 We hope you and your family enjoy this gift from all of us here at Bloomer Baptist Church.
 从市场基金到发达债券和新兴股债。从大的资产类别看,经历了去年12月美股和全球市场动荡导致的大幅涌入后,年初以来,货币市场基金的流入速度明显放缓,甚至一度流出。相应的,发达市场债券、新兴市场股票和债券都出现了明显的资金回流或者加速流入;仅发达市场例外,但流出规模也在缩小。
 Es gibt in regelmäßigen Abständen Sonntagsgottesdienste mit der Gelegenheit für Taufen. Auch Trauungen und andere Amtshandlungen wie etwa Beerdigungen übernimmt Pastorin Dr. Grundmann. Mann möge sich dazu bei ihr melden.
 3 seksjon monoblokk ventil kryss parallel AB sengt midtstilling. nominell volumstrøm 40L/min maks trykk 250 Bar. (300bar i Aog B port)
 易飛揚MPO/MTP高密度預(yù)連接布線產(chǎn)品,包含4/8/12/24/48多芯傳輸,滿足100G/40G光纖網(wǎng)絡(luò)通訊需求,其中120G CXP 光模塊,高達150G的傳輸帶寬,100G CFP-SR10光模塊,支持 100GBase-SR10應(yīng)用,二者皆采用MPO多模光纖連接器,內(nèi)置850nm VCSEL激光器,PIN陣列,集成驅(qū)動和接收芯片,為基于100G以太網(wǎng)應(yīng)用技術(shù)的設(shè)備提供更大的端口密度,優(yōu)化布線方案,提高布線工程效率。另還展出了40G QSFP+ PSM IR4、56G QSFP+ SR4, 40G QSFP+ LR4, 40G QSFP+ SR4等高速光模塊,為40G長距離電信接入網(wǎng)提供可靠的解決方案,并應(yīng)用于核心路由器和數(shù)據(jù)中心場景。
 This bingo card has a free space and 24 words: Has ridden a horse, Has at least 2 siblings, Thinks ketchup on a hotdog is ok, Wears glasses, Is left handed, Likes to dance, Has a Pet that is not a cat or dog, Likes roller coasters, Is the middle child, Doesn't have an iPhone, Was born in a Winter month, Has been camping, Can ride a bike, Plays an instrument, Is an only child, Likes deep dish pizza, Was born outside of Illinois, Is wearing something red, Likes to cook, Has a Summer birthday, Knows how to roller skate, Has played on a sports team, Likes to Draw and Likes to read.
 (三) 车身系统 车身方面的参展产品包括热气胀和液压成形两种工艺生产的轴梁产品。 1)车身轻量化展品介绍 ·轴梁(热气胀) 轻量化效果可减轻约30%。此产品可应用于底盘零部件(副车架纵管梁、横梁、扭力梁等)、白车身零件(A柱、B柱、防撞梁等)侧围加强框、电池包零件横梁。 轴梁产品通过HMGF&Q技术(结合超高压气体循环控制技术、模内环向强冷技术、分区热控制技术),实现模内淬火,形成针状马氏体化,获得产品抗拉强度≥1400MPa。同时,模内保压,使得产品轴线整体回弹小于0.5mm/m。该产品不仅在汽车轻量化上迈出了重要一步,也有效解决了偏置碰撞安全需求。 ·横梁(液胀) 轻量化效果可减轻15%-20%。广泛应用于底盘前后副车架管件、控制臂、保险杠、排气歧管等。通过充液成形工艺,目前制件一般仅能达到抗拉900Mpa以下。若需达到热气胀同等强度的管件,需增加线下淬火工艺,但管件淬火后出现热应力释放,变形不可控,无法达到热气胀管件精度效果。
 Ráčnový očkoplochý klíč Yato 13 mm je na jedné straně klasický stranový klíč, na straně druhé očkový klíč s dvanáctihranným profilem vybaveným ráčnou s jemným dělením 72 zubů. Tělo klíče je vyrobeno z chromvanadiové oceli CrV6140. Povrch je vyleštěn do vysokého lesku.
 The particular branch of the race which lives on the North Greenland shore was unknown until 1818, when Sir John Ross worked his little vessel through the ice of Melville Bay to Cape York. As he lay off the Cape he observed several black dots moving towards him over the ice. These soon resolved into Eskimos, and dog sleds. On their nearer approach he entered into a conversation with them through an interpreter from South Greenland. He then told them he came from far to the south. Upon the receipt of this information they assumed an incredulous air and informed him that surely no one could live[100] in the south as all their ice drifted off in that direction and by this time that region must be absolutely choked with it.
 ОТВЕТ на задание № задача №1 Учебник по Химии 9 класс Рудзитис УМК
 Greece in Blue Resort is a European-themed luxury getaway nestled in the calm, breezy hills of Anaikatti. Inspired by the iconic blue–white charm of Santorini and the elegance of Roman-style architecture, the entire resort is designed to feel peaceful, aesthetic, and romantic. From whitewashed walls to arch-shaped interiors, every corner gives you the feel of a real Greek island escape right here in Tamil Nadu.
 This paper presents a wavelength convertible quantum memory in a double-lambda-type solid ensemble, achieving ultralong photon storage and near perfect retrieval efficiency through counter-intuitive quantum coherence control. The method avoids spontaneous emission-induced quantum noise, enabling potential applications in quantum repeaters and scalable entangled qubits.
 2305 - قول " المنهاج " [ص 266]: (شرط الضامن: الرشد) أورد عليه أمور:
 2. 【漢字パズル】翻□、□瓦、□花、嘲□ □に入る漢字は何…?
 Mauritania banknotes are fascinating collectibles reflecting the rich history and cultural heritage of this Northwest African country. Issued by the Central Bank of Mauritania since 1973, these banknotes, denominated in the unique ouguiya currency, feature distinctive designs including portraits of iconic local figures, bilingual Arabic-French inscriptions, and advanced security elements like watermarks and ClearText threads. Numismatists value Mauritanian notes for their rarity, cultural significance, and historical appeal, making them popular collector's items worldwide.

■ **TASK INSTRUCTIONS**
Set down the listing again, exactly.

■ **RESULT**
 We hope you and your family enjoy this gift from all of us here at Bloomer Baptist Church.
 从市场基金到发达债券和新兴股债。从大的资产类别看,经历了去年12月美股和全球市场动荡导致的大幅涌入后,年初以来,货币市场基金的流入速度明显放缓,甚至一度流出。相应的,发达市场债券、新兴市场股票和债券都出现了明显的资金回流或者加速流入;仅发达市场例外,但流出规模也在缩小。
 Es gibt in regelmäßigen Abständen Sonntagsgottesdienste mit der Gelegenheit für Taufen. Auch Trauungen und andere Amtshandlungen wie etwa Beerdigungen übernimmt Pastorin Dr. Grundmann. Mann möge sich dazu bei ihr melden.
 3 seksjon monoblokk ventil kryss parallel AB sengt midtstilling. nominell volumstrøm 40L/min maks trykk 250 Bar. (300bar i Aog B port)
 易飛揚MPO/MTP高密度預(yù)連接布線產(chǎn)品,包含4/8/12/24/48多芯傳輸,滿足100G/40G光纖網(wǎng)絡(luò)通訊需求,其中120G CXP 光模塊,高達150G的傳輸帶寬,100G CFP-SR10光模塊,支持 100GBase-SR10應(yīng)用,二者皆采用MPO多模光纖連接器,內(nèi)置850nm VCSEL激光器,PIN陣列,集成驅(qū)動和接收芯片,為基于100G以太網(wǎng)應(yīng)用技術(shù)的設(shè)備提供更大的端口密度,優(yōu)化布線方案,提高布線工程效率。另還展出了40G QSFP+ PSM IR4、56G QSFP+ SR4, 40G QSFP+ LR4, 40G QSFP+ SR4等高速光模塊,為40G長距離電信接入網(wǎng)提供可靠的解決方案,并應(yīng)用于核心路由器和數(shù)據(jù)中心場景。
 This bingo card has a free space and 24 words: Has ridden a horse, Has at least 2 siblings, Thinks ketchup on a hotdog is ok, Wears glasses, Is left handed, Likes to dance, Has a Pet that is not a cat or dog, Likes roller coasters, Is the middle child, Doesn't have an iPhone, Was born in a Winter month, Has been camping, Can ride a bike, Plays an instrument, Is an only child, Likes deep dish pizza, Was born outside of Illinois, Is wearing something red, Likes to cook, Has a Summer birthday, Knows how to roller skate, Has played on a sports team, Likes to Draw and Likes to read.
 (三) 车身系统 车身方面的参展产品包括热气胀和液压成形两种工艺生产的轴梁产品。 1)车身轻量化展品介绍 ·轴梁(热气胀) 轻量化效果可减轻约30%。此产品可应用于底盘零部件(副车架纵管梁、横梁、扭力梁等)、白车身零件(A柱、B柱、防撞梁等)侧围加强框、电池包零件横梁。 轴梁产品通过HMGF&Q技术(结合超高压气体循环控制技术、模内环向强冷技术、分区热控制技术),实现模内淬火,形成针状马氏体化,获得产品抗拉强度≥1400MPa。同时,模内保压,使得产品轴线整体回弹小于0.5mm/m。该产品不仅在汽车轻量化上迈出了重要一步,也有效解决了偏置碰撞安全需求。 ·横梁(液胀) 轻量化效果可减轻15%-20%。广泛应用于底盘前后副车架管件、控制臂、保险杠、排气歧管等。通过充液成形工艺,目前制件一般仅能达到抗拉900Mpa以下。若需达到热气胀同等强度的管件,需增加线下淬火工艺,但管件淬火后出现热应力释放,变形不可控,无法达到热气胀管件精度效果。
 Ráčnový očkoplochý klíč Yato 13 mm je na jedné straně klasický stranový klíč, na straně druhé očkový klíč s dvanáctihranným profilem vybaveným ráčnou s jemným dělením 72 zubů. Tělo klíče je vyrobeno z chromvanadiové oceli CrV6140. Povrch je vyleštěn do vysokého lesku.
 The particular branch of the race which lives on the North Greenland shore was unknown until 1818, when Sir John Ross worked his little vessel through the ice of Melville Bay to Cape York. As he lay off the Cape he observed several black dots moving towards him over the ice. These soon resolved into Eskimos, and dog sleds. On their nearer approach he entered into a conversation with them through an interpreter from South Greenland. He then told them he came from far to the south. Upon the receipt of this information they assumed an incredulous air and informed him that surely no one could live[100] in the south as all their ice drifted off in that direction and by this time that region must be absolutely choked with it.
 ОТВЕТ на задание № задача №1 Учебник по Химии 9 класс Рудзитис УМК
 Greece in Blue Resort is a European-themed luxury getaway nestled in the calm, breezy hills of Anaikatti. Inspired by the iconic blue–white charm of Santorini and the elegance of Roman-style architecture, the entire resort is designed to feel peaceful, aesthetic, and romantic. From whitewashed walls to arch-shaped interiors, every corner gives you the feel of a real Greek island escape right here in Tamil Nadu.
 This paper presents a wavelength convertible quantum memory in a double-lambda-type solid ensemble, achieving ultralong photon storage and near perfect retrieval efficiency through counter-intuitive quantum coherence control. The method avoids spontaneous emission-induced quantum noise, enabling potential applications in quantum repeaters and scalable entangled qubits.
 2305 - قول " المنهاج " [ص 266]: (شرط الضامن: الرشد) أورد عليه أمور:
 2. 【漢字パズル】翻□、□瓦、□花、嘲□ □に入る漢字は何…?
 Mauritania banknotes are fascinating collectibles reflecting the rich history and cultural heritage of this Northwest African country. Issued by the Central Bank of Mauritania since 1973, these banknotes, denominated in the unique ouguiya currency, feature distinctive designs including portraits of iconic local figures, bilingual Arabic-French inscriptions, and advanced security elements like watermarks and ClearText threads. Numismatists value Mauritanian notes for their rarity, cultural significance, and historical appeal, making them popular collector's items worldwide.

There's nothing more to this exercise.